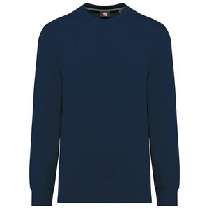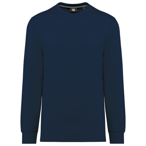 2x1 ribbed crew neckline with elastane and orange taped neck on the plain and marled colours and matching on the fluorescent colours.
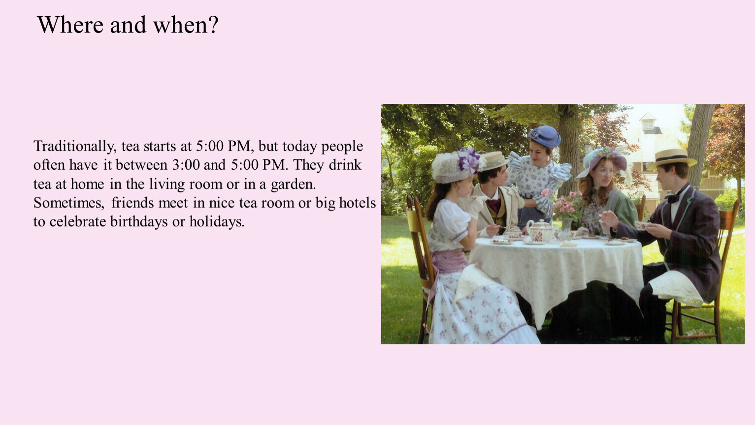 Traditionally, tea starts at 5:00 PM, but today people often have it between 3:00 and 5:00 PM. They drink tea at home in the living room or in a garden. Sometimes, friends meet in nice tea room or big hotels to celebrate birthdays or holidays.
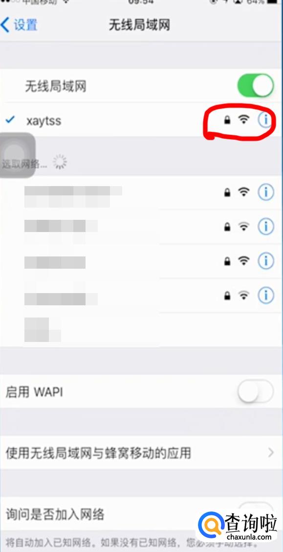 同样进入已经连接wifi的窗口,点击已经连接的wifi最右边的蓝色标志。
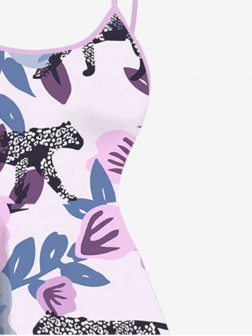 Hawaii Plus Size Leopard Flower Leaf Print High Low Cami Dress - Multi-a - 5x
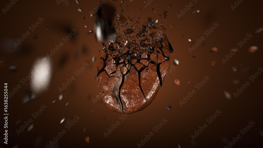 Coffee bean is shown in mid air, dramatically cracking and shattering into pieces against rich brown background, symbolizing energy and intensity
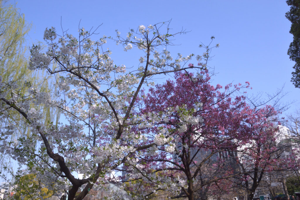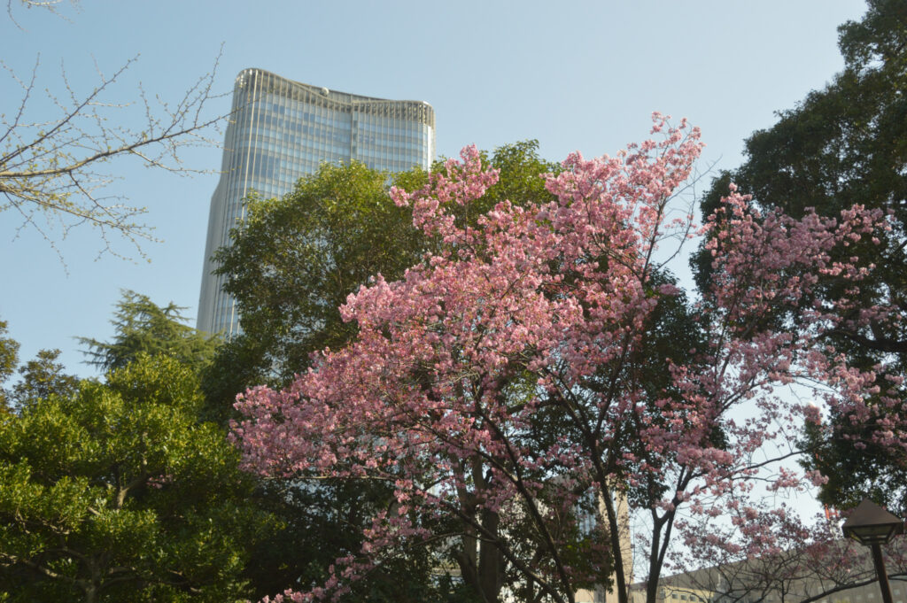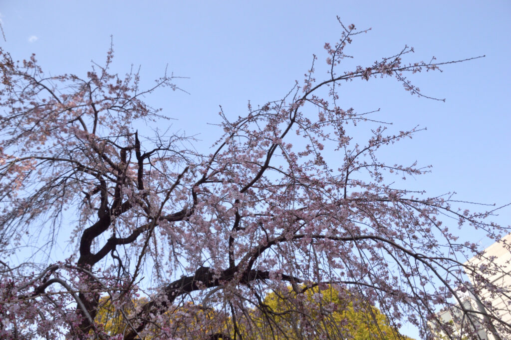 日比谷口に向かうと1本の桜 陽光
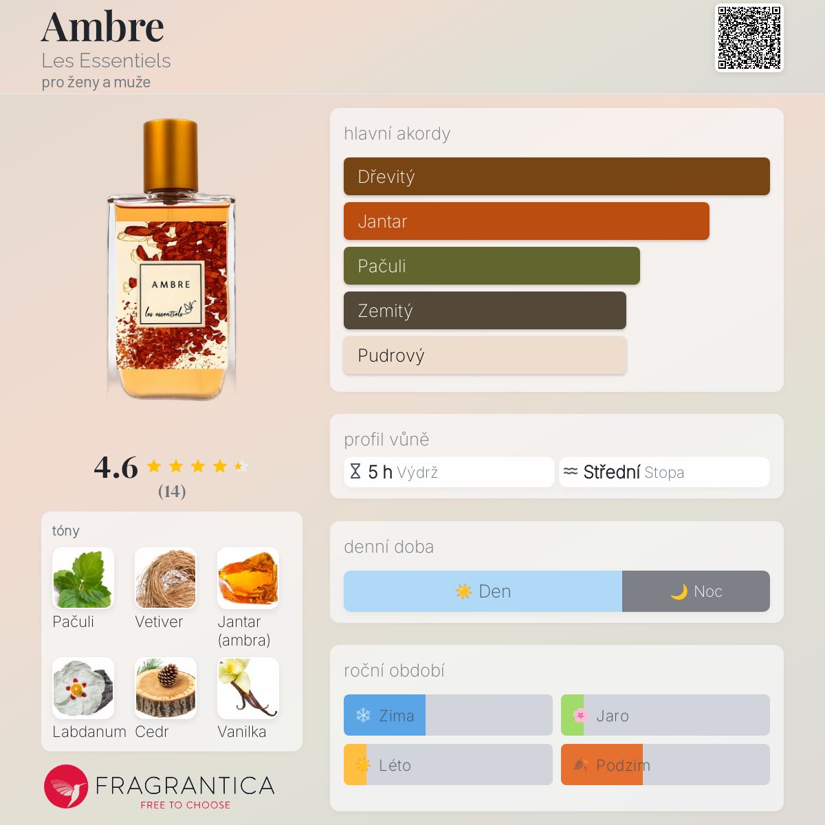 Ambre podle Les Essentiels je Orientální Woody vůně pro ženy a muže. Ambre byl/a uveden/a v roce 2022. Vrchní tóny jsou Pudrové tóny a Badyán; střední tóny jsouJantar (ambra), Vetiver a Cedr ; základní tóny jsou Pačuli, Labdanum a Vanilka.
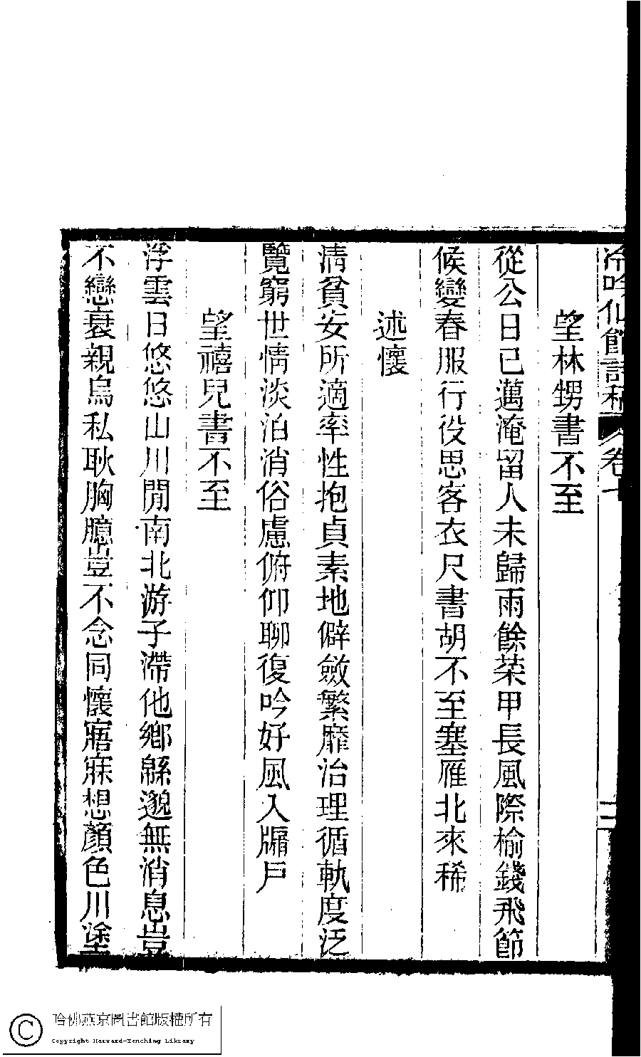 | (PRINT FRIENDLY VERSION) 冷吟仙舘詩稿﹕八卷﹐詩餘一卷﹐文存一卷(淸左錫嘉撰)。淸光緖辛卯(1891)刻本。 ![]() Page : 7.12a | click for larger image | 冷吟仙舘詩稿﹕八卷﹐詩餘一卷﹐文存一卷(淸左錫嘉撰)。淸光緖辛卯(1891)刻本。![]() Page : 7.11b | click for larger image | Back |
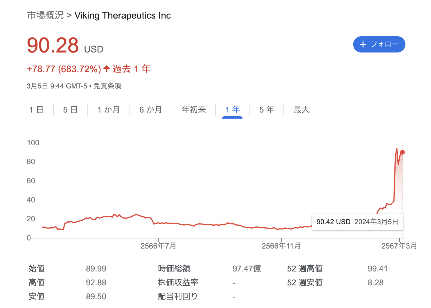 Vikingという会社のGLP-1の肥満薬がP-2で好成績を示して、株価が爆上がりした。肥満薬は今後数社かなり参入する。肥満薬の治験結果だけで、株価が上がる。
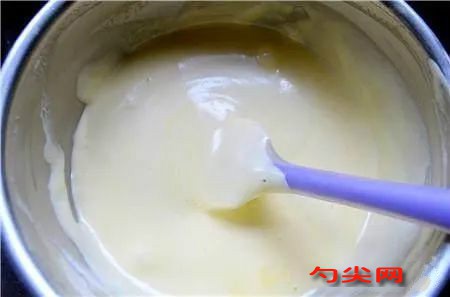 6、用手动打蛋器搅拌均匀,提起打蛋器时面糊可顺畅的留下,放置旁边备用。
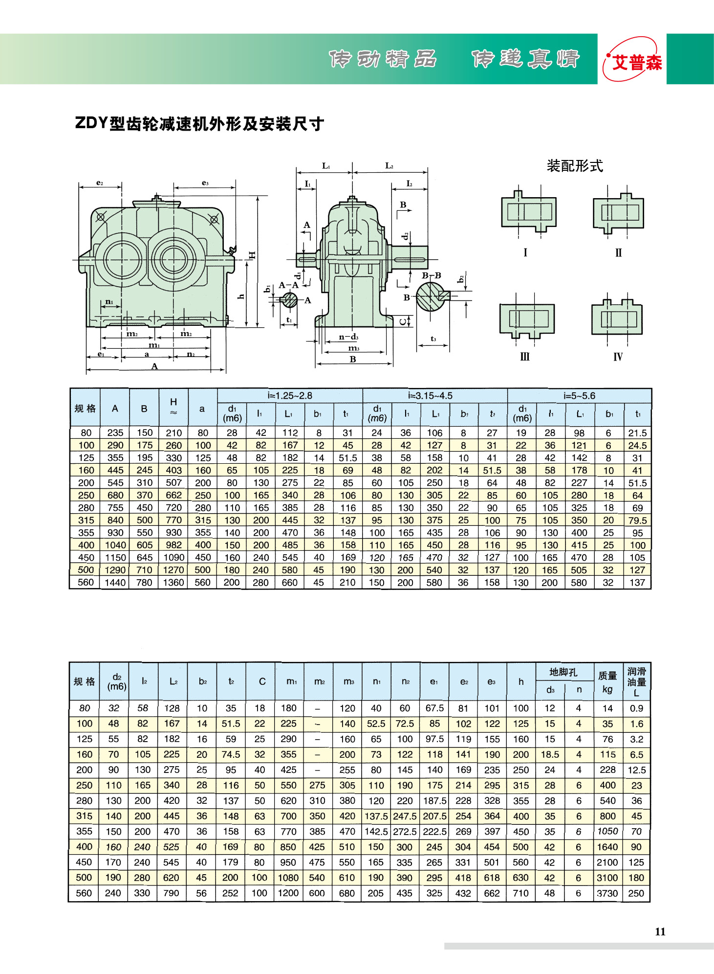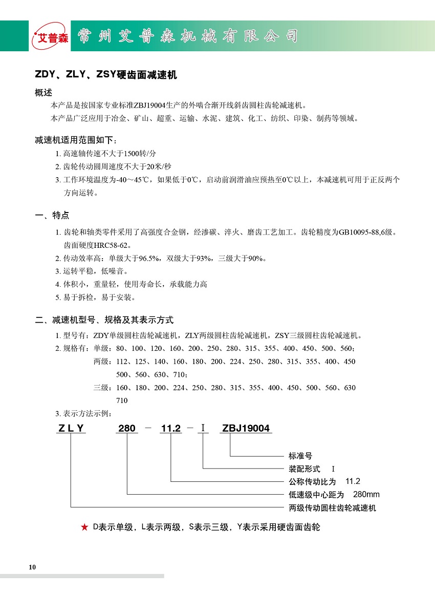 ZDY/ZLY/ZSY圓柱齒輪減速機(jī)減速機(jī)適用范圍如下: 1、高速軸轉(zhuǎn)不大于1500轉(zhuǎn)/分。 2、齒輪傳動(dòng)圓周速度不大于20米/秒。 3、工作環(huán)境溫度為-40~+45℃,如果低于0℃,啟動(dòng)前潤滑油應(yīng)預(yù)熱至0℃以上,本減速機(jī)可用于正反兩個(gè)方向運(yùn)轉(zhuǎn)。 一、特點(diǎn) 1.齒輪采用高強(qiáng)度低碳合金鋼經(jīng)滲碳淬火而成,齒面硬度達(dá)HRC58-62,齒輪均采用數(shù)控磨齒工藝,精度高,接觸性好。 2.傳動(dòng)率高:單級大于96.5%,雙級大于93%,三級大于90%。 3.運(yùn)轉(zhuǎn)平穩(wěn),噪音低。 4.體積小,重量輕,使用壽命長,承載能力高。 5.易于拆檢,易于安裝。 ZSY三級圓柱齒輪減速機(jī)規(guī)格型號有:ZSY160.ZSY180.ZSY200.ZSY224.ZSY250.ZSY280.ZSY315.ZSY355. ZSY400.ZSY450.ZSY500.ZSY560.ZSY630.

YOUR INSTRUCTIONS »
Everything from the line above that contains "Traditionally, tea starts" down to the line that contains "6、用手动打蛋器搅拌均匀,提起打蛋器时面糊可顺畅的留下,放置旁边备用。" must be reproduced exactly, both ends included. Omit the pictures.

ANSWER SPACE »
 Traditionally, tea starts at 5:00 PM, but today people often have it between 3:00 and 5:00 PM. They drink tea at home in the living room or in a garden. Sometimes, friends meet in nice tea room or big hotels to celebrate birthdays or holidays.
 同样进入已经连接wifi的窗口,点击已经连接的wifi最右边的蓝色标志。
 Hawaii Plus Size Leopard Flower Leaf Print High Low Cami Dress - Multi-a - 5x
 Coffee bean is shown in mid air, dramatically cracking and shattering into pieces against rich brown background, symbolizing energy and intensity
 日比谷口に向かうと1本の桜 陽光
 Ambre podle Les Essentiels je Orientální Woody vůně pro ženy a muže. Ambre byl/a uveden/a v roce 2022. Vrchní tóny jsou Pudrové tóny a Badyán; střední tóny jsouJantar (ambra), Vetiver a Cedr ; základní tóny jsou Pačuli, Labdanum a Vanilka.
 | (PRINT FRIENDLY VERSION) 冷吟仙舘詩稿﹕八卷﹐詩餘一卷﹐文存一卷(淸左錫嘉撰)。淸光緖辛卯(1891)刻本。 ![]() Page : 7.12a | click for larger image | 冷吟仙舘詩稿﹕八卷﹐詩餘一卷﹐文存一卷(淸左錫嘉撰)。淸光緖辛卯(1891)刻本。![]() Page : 7.11b | click for larger image | Back |
 Vikingという会社のGLP-1の肥満薬がP-2で好成績を示して、株価が爆上がりした。肥満薬は今後数社かなり参入する。肥満薬の治験結果だけで、株価が上がる。
 6、用手动打蛋器搅拌均匀,提起打蛋器时面糊可顺畅的留下,放置旁边备用。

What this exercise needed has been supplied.